According to UK’s Bill of Exchange Act (1882), the bill of exchange is defined as an “unconditional order in writing, addressed by one person to another, signed by the person giving it (drawer), requiring the person to whom it is addressed (drawee) to pay on demand or at a fixed or determinable future time a sum certain in money to or to the order of a specified person (payee), or to bearer”.
Parties to a Bill of Exchange:
As an example let’s see the current lifecycle of a cheque (a bill of exchange):
Now imagine the same process with a Blockchain-based platform called BILLEX which provides facility to manage the whole lifecycle in a secure, digital way:
1. Billex smart contract will be able to issue digital cheques to their participants on the Blockchain platform. The digital bill of exchange (Billex) will have a record of issuing smart contract and the current owner.
2. Issuer of Billex can fill in details like the payee’s public key, amount, and date on the digital check and then sign that with their private key.
3. A signed Billex will be digitally transferred to the payee, i.e. the payee will be able to see that check under their ownership.
4. Smart contract can be utilized here to present the payee’s Billex to itself (smart contract) automatically.
5. Instead of utilizing a centralized clearing house, the settlement can be enabled by smart contract that checks the available balance in payer’s account and then initiates a fund transfer to payee’s account.
6. All settlements can be managed by smart contracts and can be done on a net or gross basis.
A bill of exchange is transferable, so the drawee may find themself paying an entirely different party than it initially agreed to pay. The payee can transfer the bill to another party by endorsing the back of the document.
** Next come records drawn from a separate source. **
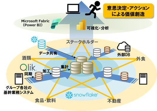 今後はこのデータ基盤システムを軸に、ステークホルダーに関わるデータや、酒類事業や食品・飲料事業の出荷データ、飲食店事業の飲食動態データに加えて、気象情報などのオープンデータに対して社員が容易かつ安全にアクセスできる仕組みの構築やデータベースの拡大を推進し、社会環境の変化に柔軟に対応するための環境を整備します。各社・各部門における意思決定の迅速化・高度化を促進することによる価値創造や、様々なビジネス課題の解決に貢献します。
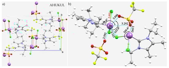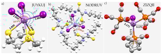 As indicated already above, the crystal systems presented in the following sections were retrieved either from the CSD [] or the ICSD [,]. We show, in some cases, that the bound antimony atom in these molecular entities has a positive site, and therefore, is capable of interacting with a negative site of a partner molecular entity. This phenomenon is either wholly or partially responsible for the overall geometric architecture and stability of the resulting crystal lattice.
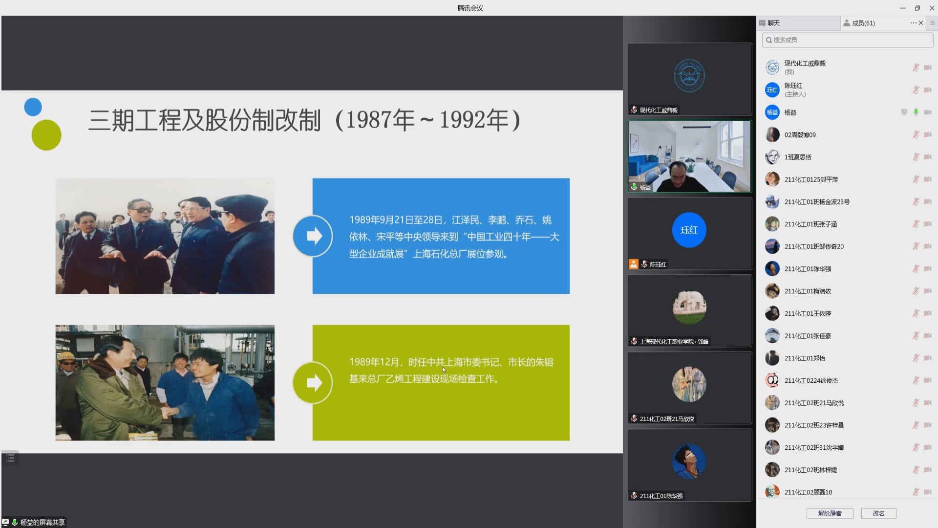 1月5日上午由上海石化宣传部部长杨益老师讲解上海石化企业文化,杨老师依次讲解上海石化的公司简介、发展故事、文化历程与现在未来并结合杨老师的个人感悟。结合当下的化工行业发展情况,为同学们讲述上海石化的来历与其中的挫折与成长,对于上海石化的发展杨老师如数家珍,为同学们一一介绍上海石化如何建厂、如何进行一期、二期、三期工程的建设、如何改制、如何上市、以及随后的四五六期工程的建设,也介绍了上海石化三守三人时期那些兢兢业业的一线职工平凡的伟大,让同学们对上海石化有了不停步与表面而更深入更具人文气息的了解。

A payee may sell a bill of exchange to another party for a discounted price in order to obtain funds prior to the payment date specified on the bill. The discount represents the interest cost associated with being paid early.
A bill of exchange does not usually include a requirement to pay interest. If interest is to be paid, then the percentage interest rate is stated on the document. If a bill does not pay interest, then it is effectively a post-dated check.
The Road Ahead
Currently a lot of time, effort, and cost goes into ensuring that the cheque is genuine, signatures are matching, and that there is enough balance in the account. All of this can be automated using smart contracts and made more secure while reducing the risks associated with current processes. Blockchain provides a clear advantage in such cases where there is handover of assets, authentication at various stages, chances of forgery, reconciliations etc. and assigns clear ownership of any asset, a bill of exchange in this case.
The ideas presented above are incremental in nature, building around what happens today. If Blockchain continues to mature as everyone is expecting, it has the potential to change the core of all interactions whether its B2B, B2C or C2C.